Conclusion: Cervical conization combined with pelvic lymph node evaluation for fertility preservation in young ECC patients can achieve oncological outcomes similar to radical surgery while improving pregnancy success rates and preserving postoperative fertility. In summary, fertility preservation treatment using cervical conization combined with pelvic lymph node evaluation may be considered as a viable option for young ECC patients with strong fertility preservation desire, resulting in better pregnancy and live birth outcomes.

Systematic review registration: https://www.crd.york.ac.uk/PROSPERO/#myprospero, identifier PROSPERO (CRD42023423432).

1 Introduction

Cervical cancer is the fourth most common female malignancy worldwide (1). With the widespread use of HPV and cervical cancer cell screening, the detection rate of early cervical cancer has greatly increased. At the same time, the morbidity of young patients is gradually increasing due to changes in social lifestyle. It has been reported that around 35% of cervical cancer patients are under 40 years old (2) and a considerable proportion of them have not completed childbirth or still have fertility requirements. Currently, first-line treatment advised by guidelines for ECC is radical hysterectomy with bilateral pelvic lymphadenectomy and/or sentinel lymph node (SLN) biopsy with or without salpingo-oophorectomy (3), which results in loss of fertility and is not acceptable for young patients.
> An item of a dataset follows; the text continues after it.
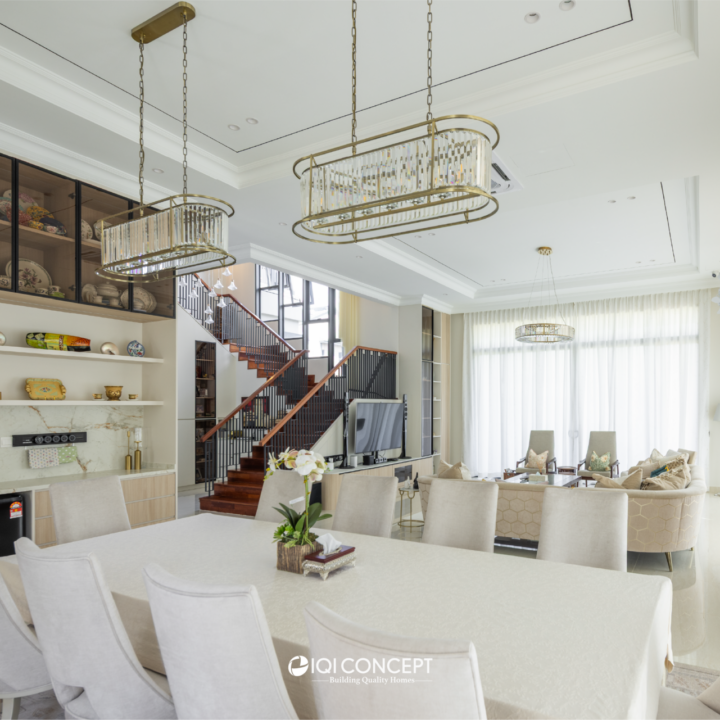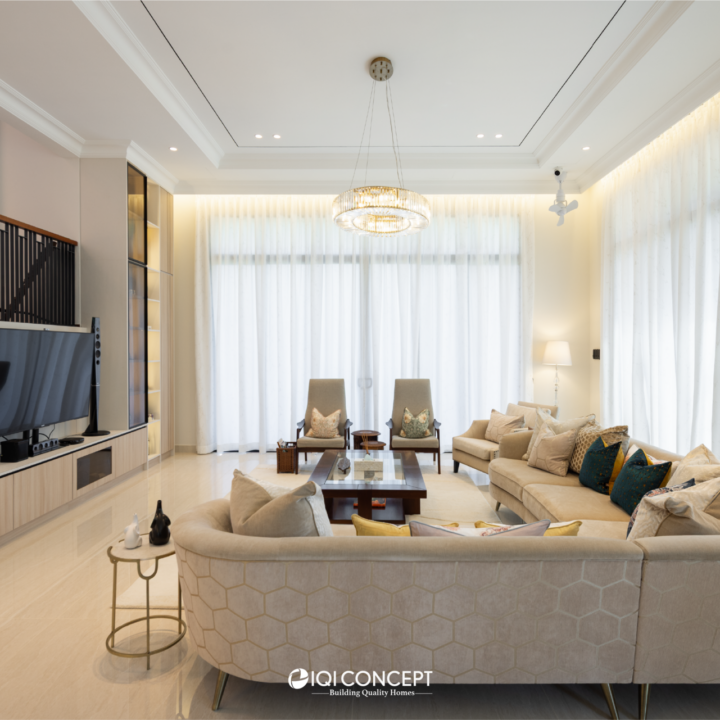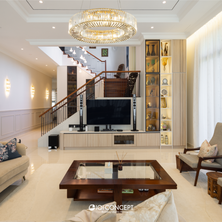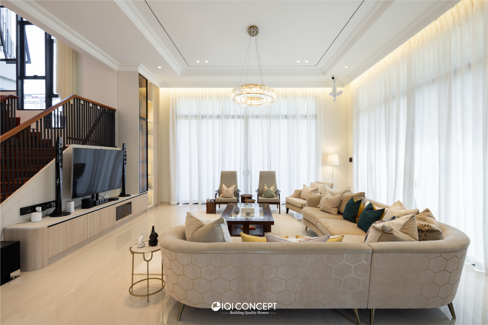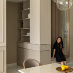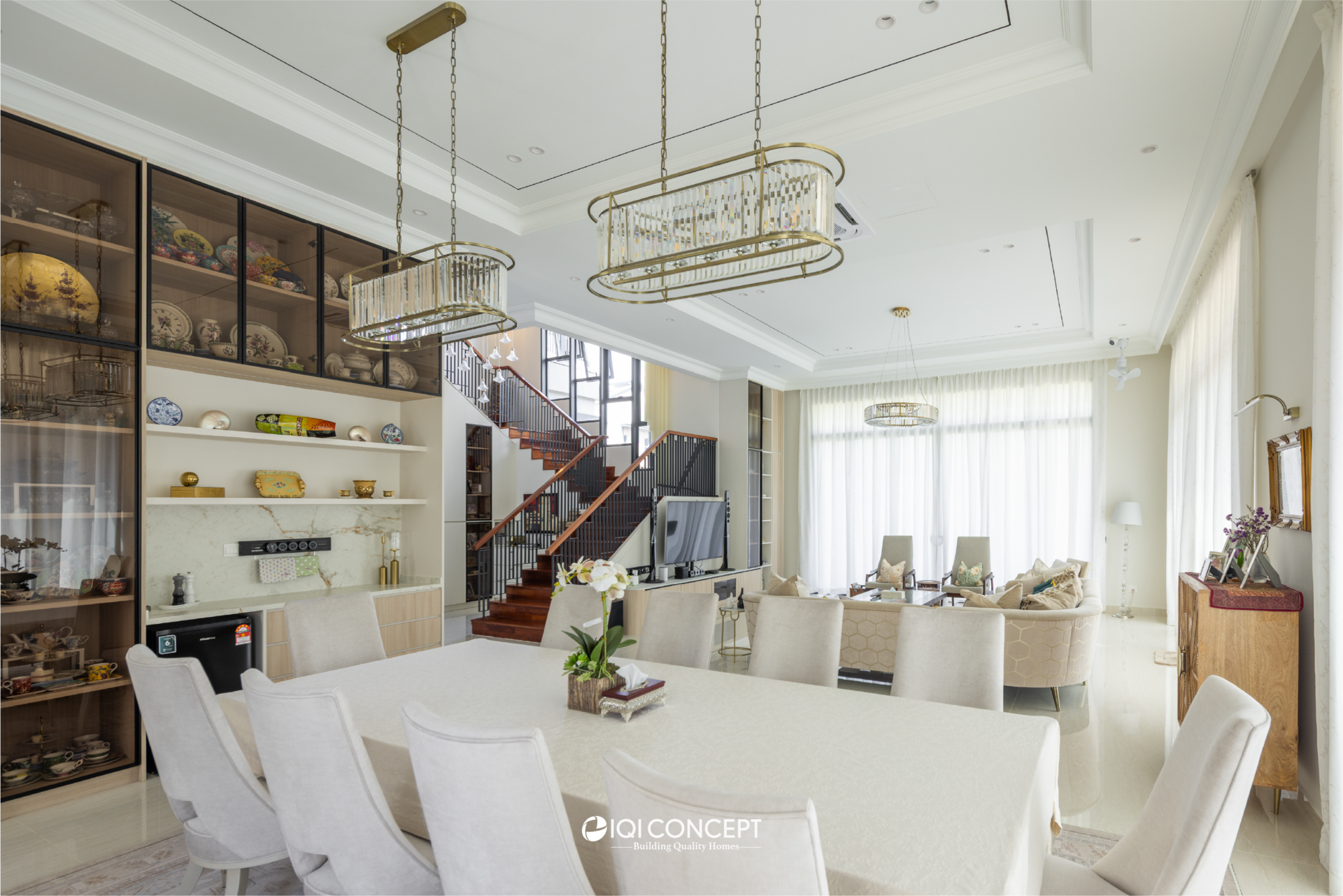 Embracing a Modern Luxe concept, this home features a warm neutral palette that exudes sophistication while maintaining a cozy, lived-in feel. The living and dining area beautifully blends soft neutral tones, crystal chandeliers, and bespoke cabinetry, creating a luxurious yet inviting ambiance.

In ECC, many studies have shown that the incidence of parametrial involvement (PI) is low in patients with tumor size < 2 cm, negative pelvic lymph nodes, and invasion depth < 10 mm (4, 5). This supports the use of simpler fertility-preserving surgical methods for young patients with small tumor volume and limited local lesions, further improving their quality of life. For women with ECC who want to preserve fertility, both FIGO and NCCN guidelines recommend conization with lymph node evaluation for stage IA1 no lymphovascular space invasion (LVSI), radical trachelectomy or conization with lymph node evaluation for stage IA1 with LVSI and stage IA2, or radical trachelectomy with lymph node evaluation for stage IB1 and selected IB2 (6, 7).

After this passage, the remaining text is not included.